[Data excerpts]

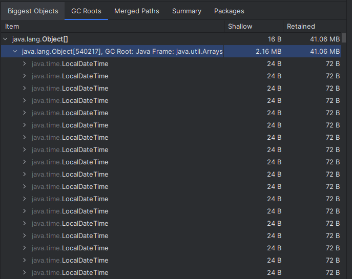 LocalDateTime객체가 540276번 사용되고, 힙 메모리의 50MB중 38.9MB를 사용한 것을 확인할 수 있습니다.
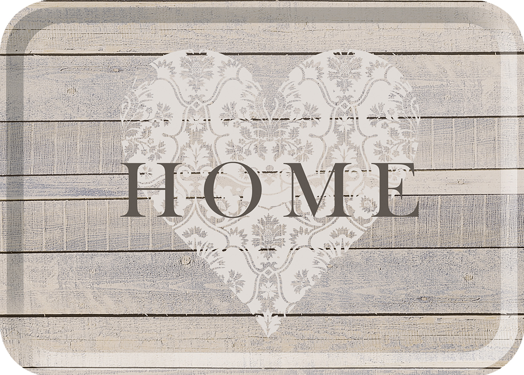 The perfect addition to any home, this delightful large serving tray is decorated with an elegant, rustic print of a lacy heart, laid against a wood-effect backdrop. The word ‘home’ also features in a bold, vintage-style font.
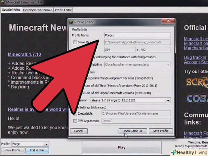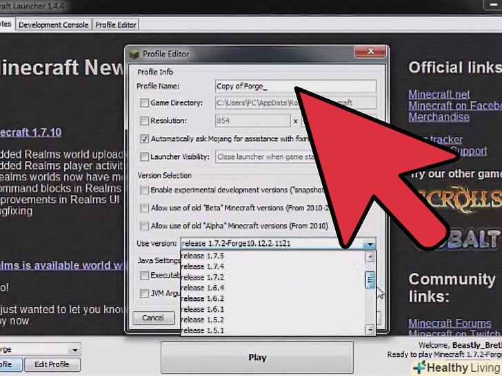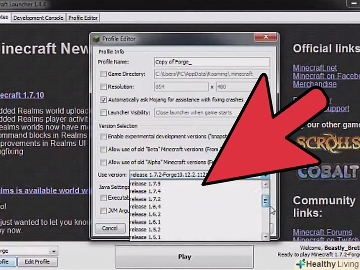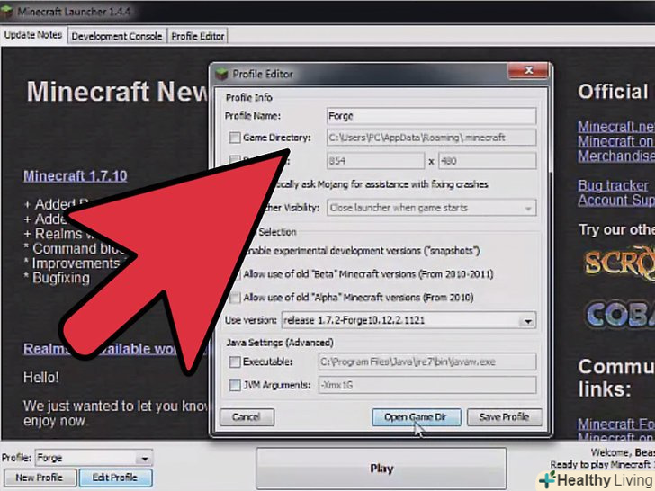 Запустіть Minecraft. натисніть на Edit Profile (змінити профіль). Виберіть Use version, а потім Forge.
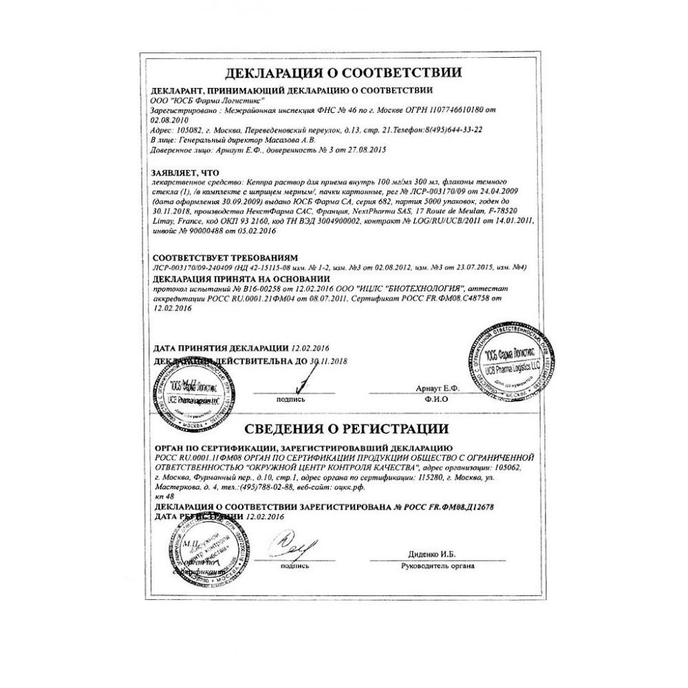 Раствор для приема внутрь содержит мальтитол, поэтому пациентам с нарушением толерантности к фруктозе прием препарата Кеппра® в соответствующей лекарственной форме противопоказан.
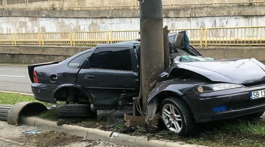 Inconștiență maximă! Un bărbat băut bine și fără permis s-a urcat la volanului unei mașini și a intrat într-un stâlp din beton.
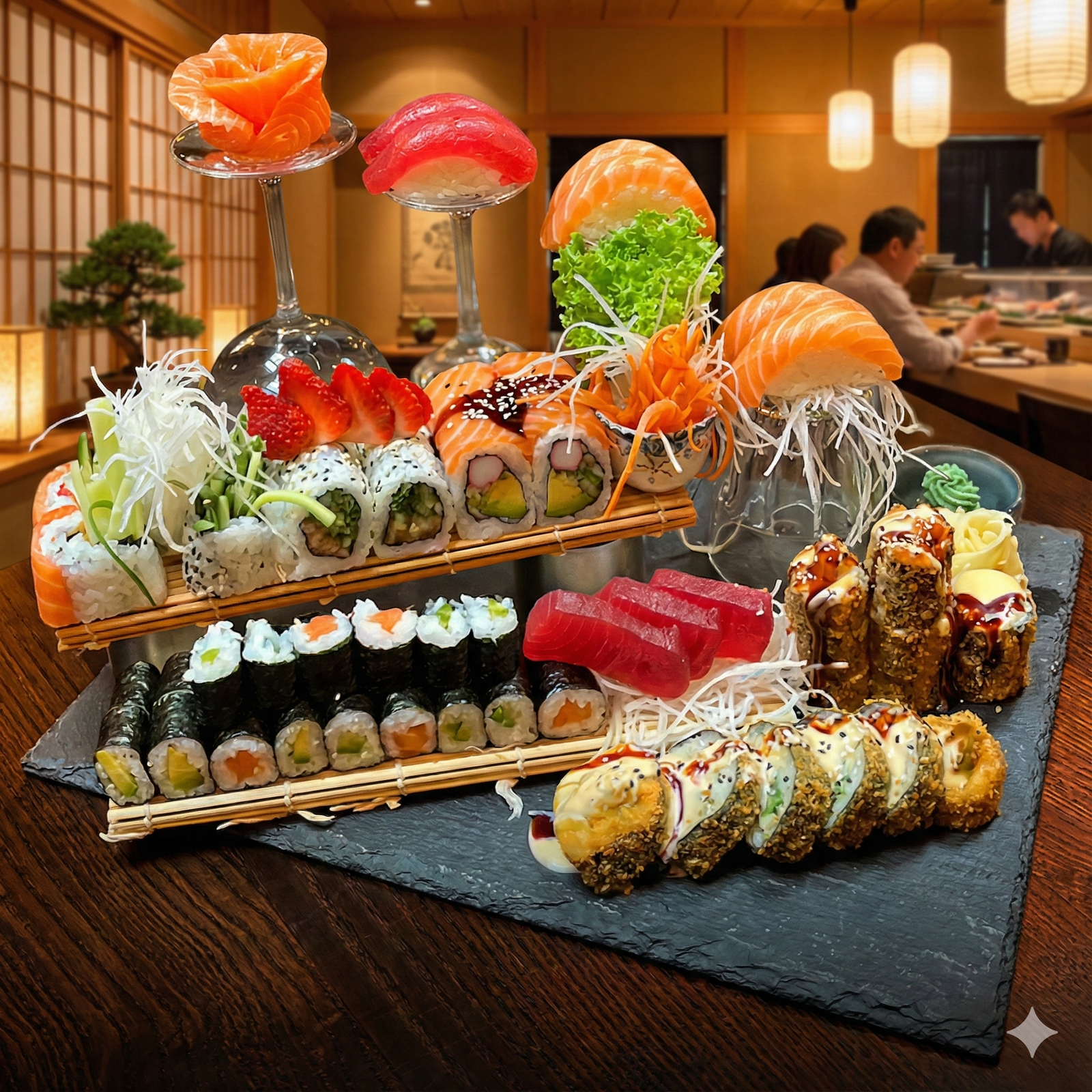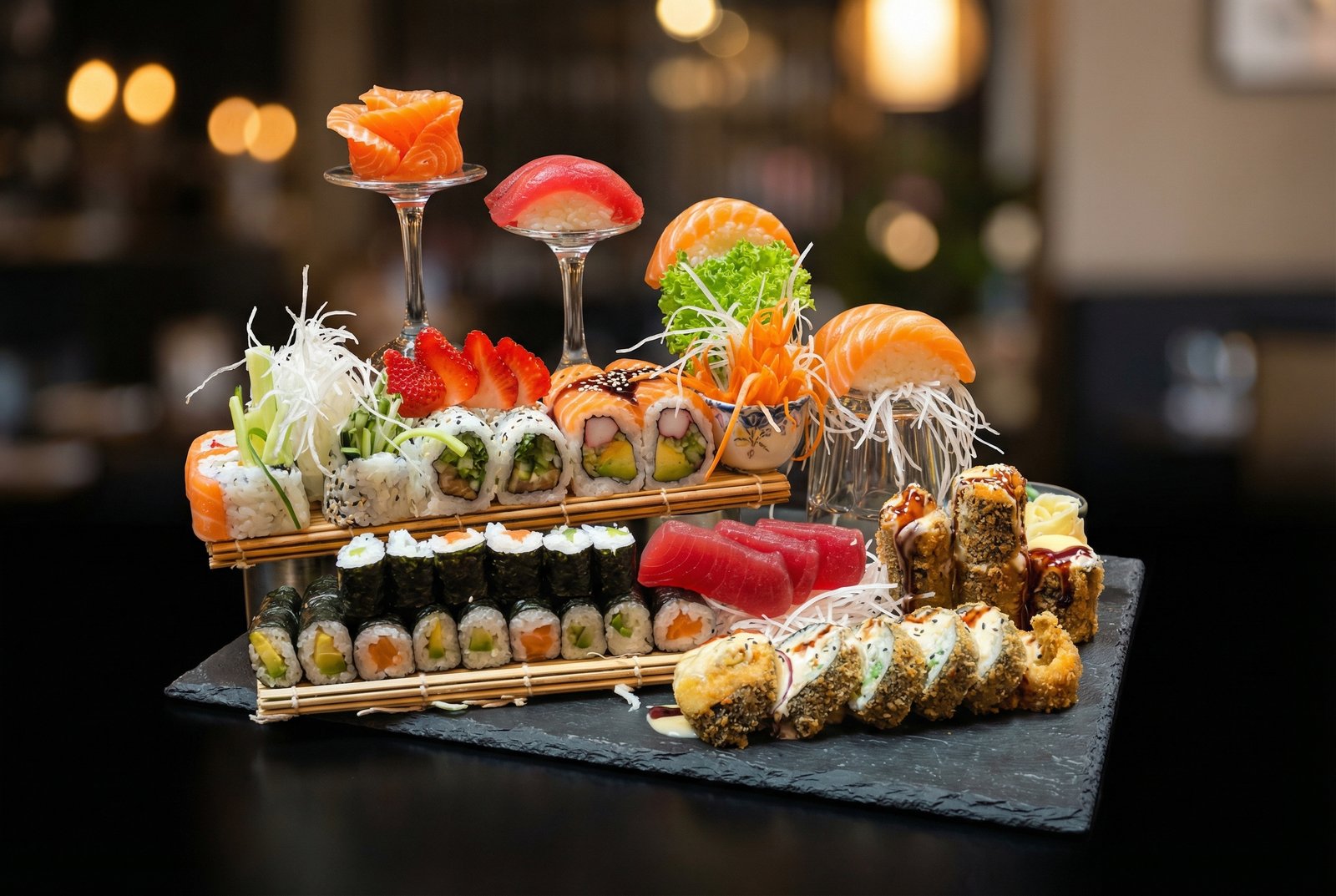 6x Nigiri, 16x Maki, 8x Spezial, 4x Sashimi, 6x Big Crunchy
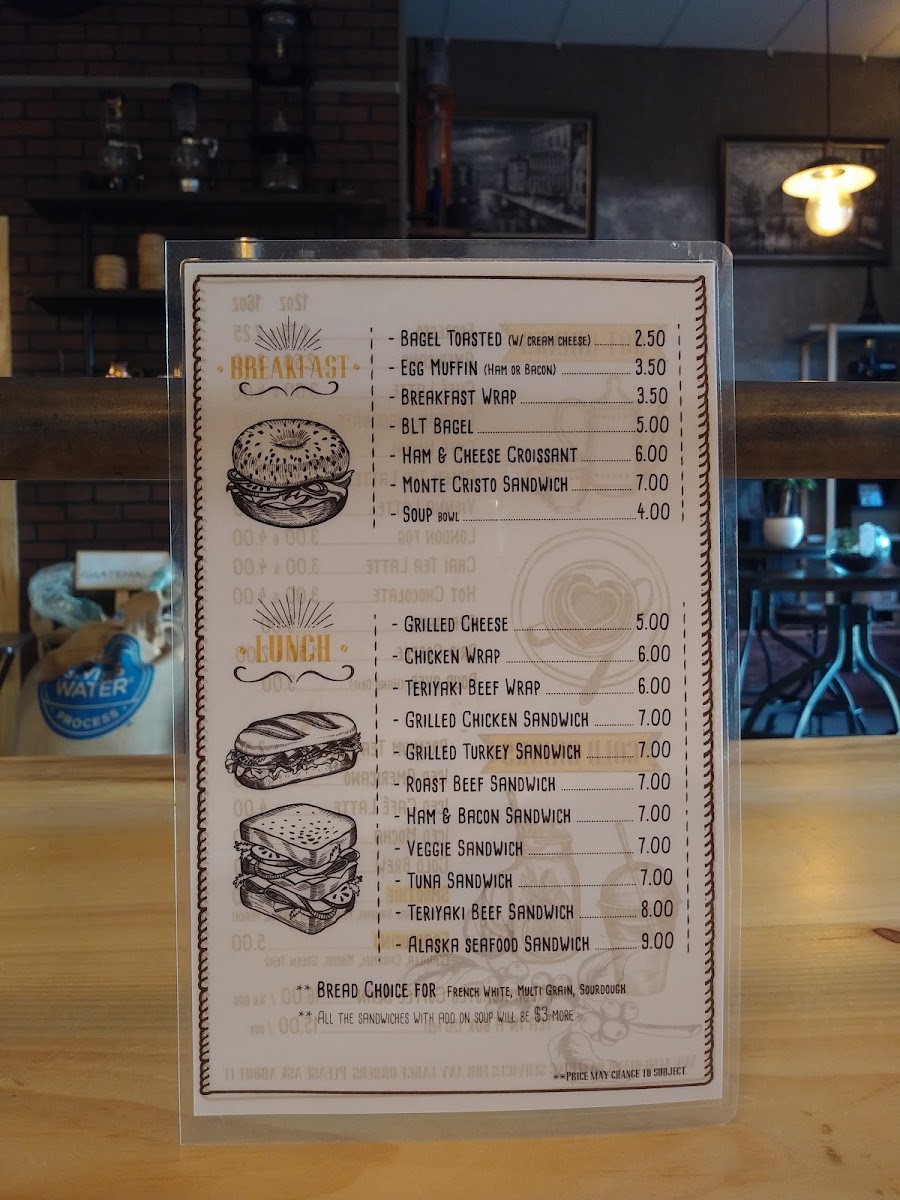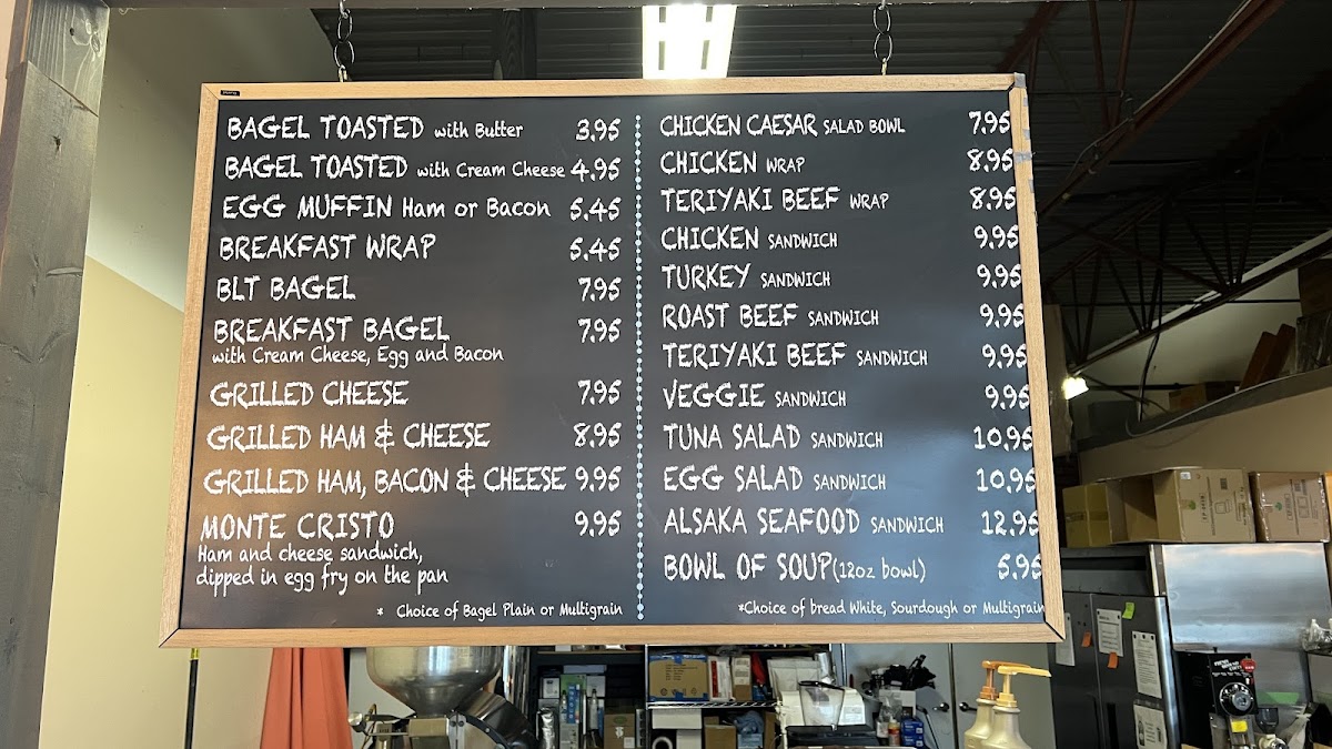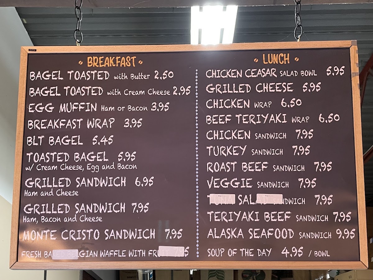 Lunch Options include a selection of sandwiches and wraps featuring proteins such as chicken, turkey, roast beef, beef teriyaki, and Alaskan seafood. Vegetarian choices are also available, including a veggie sandwich and a classic grilled cheese. Additionally, a Chicken Caesar Salad Bowl and a daily Soup of the Day provide lighter meal alternatives.

REQUIREMENT> The lines to be quoted run from the line containing "6x Nigiri, 16x" through the end of the entries above, both included; quote them exactly and leave out any pictures.

TASK RESPONSE>
 6x Nigiri, 16x Maki, 8x Spezial, 4x Sashimi, 6x Big Crunchy
 Lunch Options include a selection of sandwiches and wraps featuring proteins such as chicken, turkey, roast beef, beef teriyaki, and Alaskan seafood. Vegetarian choices are also available, including a veggie sandwich and a classic grilled cheese. Additionally, a Chicken Caesar Salad Bowl and a daily Soup of the Day provide lighter meal alternatives.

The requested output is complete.